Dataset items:

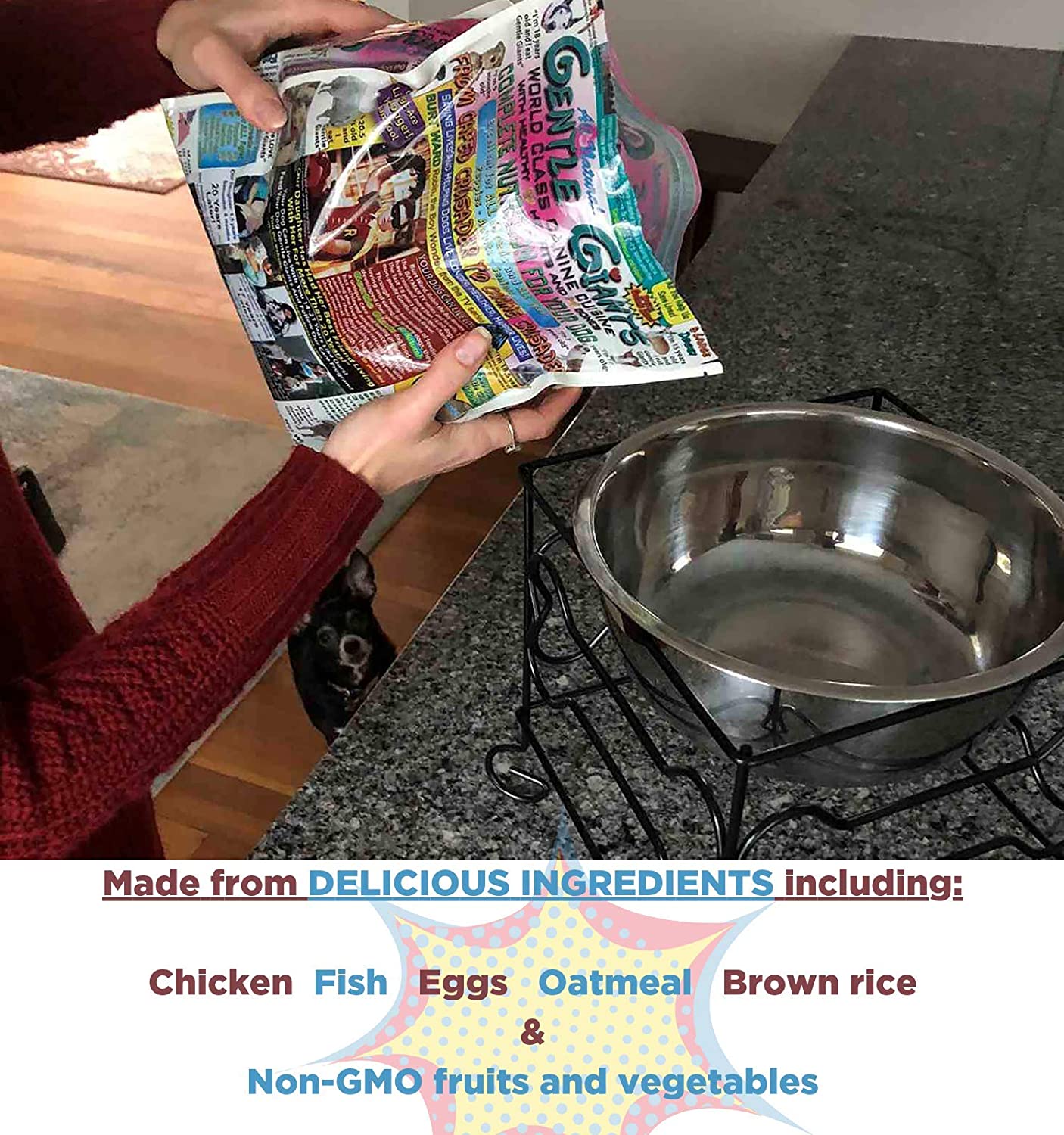- DELICIOUS INGREDIENTS – made with chicken, fish, eggs, oatmeal, brown rice, non-GMO fruits and vegetables including cranberries, blueberries, apples, tomatoes, carrots and more. 3.5lbs bag
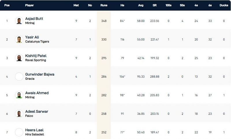 Yasir Ali of the Catalunya Tigers has dropped to second spot in the run-scoring charts. He has amassed 330 runs in seven innings, with a 116-run knock being his best effort. Ali has an impressive strike rate of 221.47, and has struck 20 fours and 32 maximums.
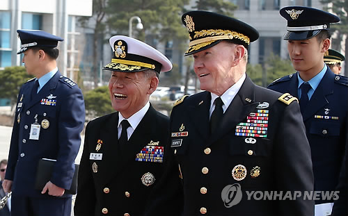 (서울=연합뉴스) 김호준 기자 = 최윤희 합참의장과 마틴 뎀프시 미국 합참의장은 27일 서울에서 회담을 갖고 북한의 핵·미사일 위협에 대비한 '통합 대공·미사일 방어체계'(IAMD) 관련 논의를 한 것으로 알려졌다.
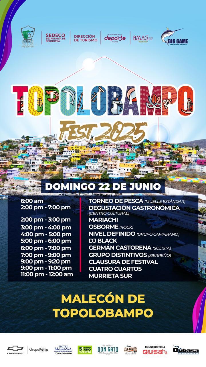 Topolobampo, Ahome, Sinaloa. –El malecón del puerto de Topolobampo se vestirá de fiesta artística, cultural, gastronómica, turística, comercial y deportiva, este fin de semana del sábado 21 y domingo 22 de junio, con el TOPOLOBAMPO Fest 2025, que organiza el Ayuntamiento de Ahome.
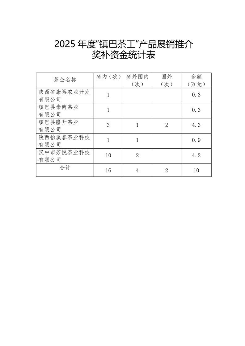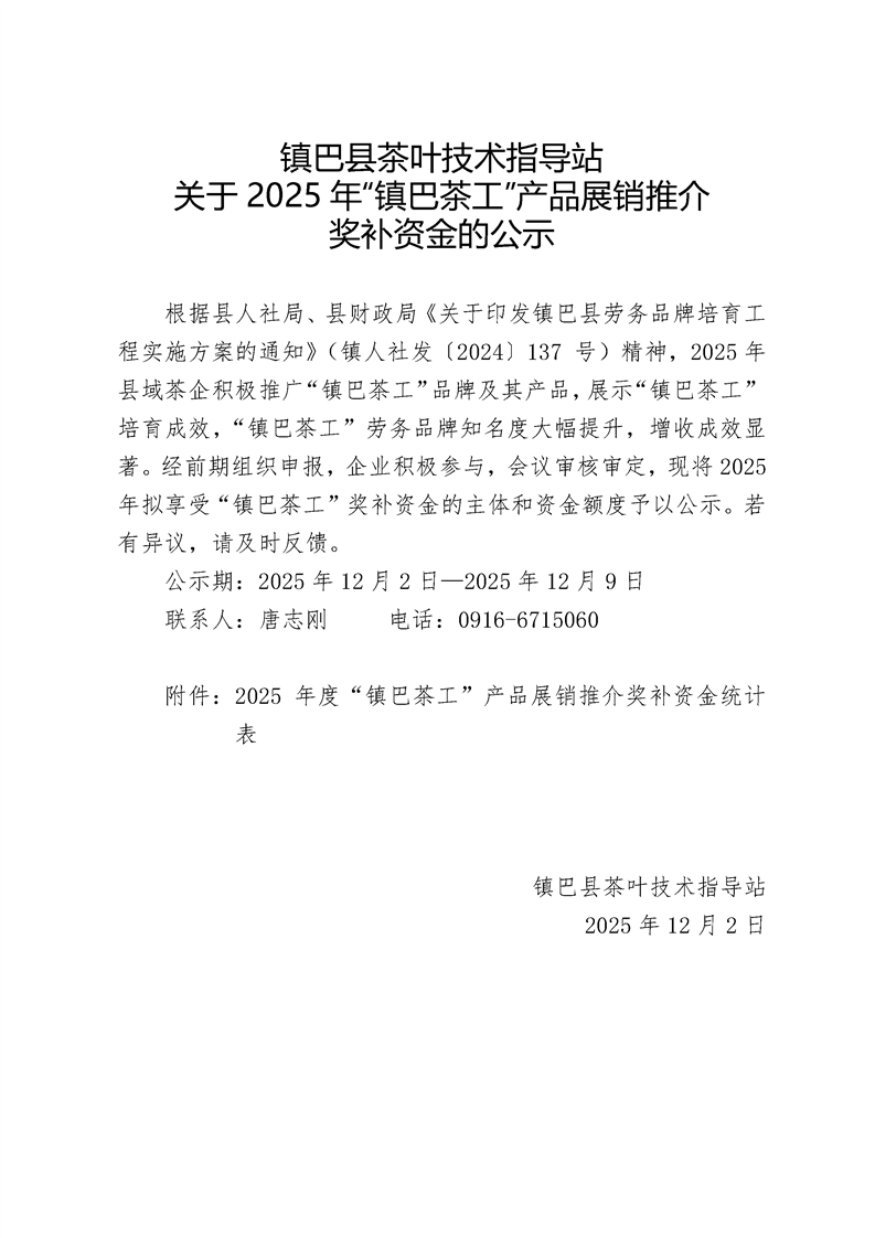 镇巴县茶叶技术指导站关于2025年“镇巴茶工”产品展销推介奖补资金的公示
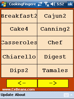 This program searches the storage RAM and storage card(s) for CeBeans.com Cooking eVB programs and creates a finger friendly launcher database. Select 'Update Database' to create the database and tap on the CookBook name to open it.
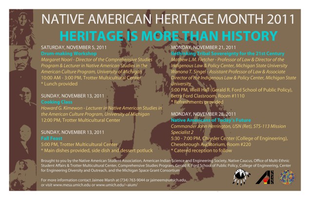 Univ. of Michigan Native Heritage Month Events (Including Talks by Fletcher & Singel, 11/21) November 10, 2011November 17, 2011Matthew L.M. Fletcher Click to make it bigger. Fletcher will be presenting “Race and American Indian Tribal Nationhood.” Singel will be presenting her paper, “Indian Tribes and Human Rights Accountability.” Print (Opens in new window) Print Email a link to a friend (Opens in new window) Email Share on X (Opens in new window) X Share on Facebook (Opens in new window) Facebook More Share on Pinterest (Opens in new window) Pinterest Share on Tumblr (Opens in new window) Tumblr Share on Reddit (Opens in new window) Reddit Like Loading... Related

*WHAT TO DO:*
Every line from the one holding "(서울=연합뉴스) 김호준 기자" through the final line of the data above is to be reproduced exactly, both ends included, with the pictures left out.

*EXPECTED ANSWER:*
 (서울=연합뉴스) 김호준 기자 = 최윤희 합참의장과 마틴 뎀프시 미국 합참의장은 27일 서울에서 회담을 갖고 북한의 핵·미사일 위협에 대비한 '통합 대공·미사일 방어체계'(IAMD) 관련 논의를 한 것으로 알려졌다.
 Topolobampo, Ahome, Sinaloa. –El malecón del puerto de Topolobampo se vestirá de fiesta artística, cultural, gastronómica, turística, comercial y deportiva, este fin de semana del sábado 21 y domingo 22 de junio, con el TOPOLOBAMPO Fest 2025, que organiza el Ayuntamiento de Ahome.
 镇巴县茶叶技术指导站关于2025年“镇巴茶工”产品展销推介奖补资金的公示
 This program searches the storage RAM and storage card(s) for CeBeans.com Cooking eVB programs and creates a finger friendly launcher database. Select 'Update Database' to create the database and tap on the CookBook name to open it.
 Univ. of Michigan Native Heritage Month Events (Including Talks by Fletcher & Singel, 11/21) November 10, 2011November 17, 2011Matthew L.M. Fletcher Click to make it bigger. Fletcher will be presenting “Race and American Indian Tribal Nationhood.” Singel will be presenting her paper, “Indian Tribes and Human Rights Accountability.” Print (Opens in new window) Print Email a link to a friend (Opens in new window) Email Share on X (Opens in new window) X Share on Facebook (Opens in new window) Facebook More Share on Pinterest (Opens in new window) Pinterest Share on Tumblr (Opens in new window) Tumblr Share on Reddit (Opens in new window) Reddit Like Loading... Related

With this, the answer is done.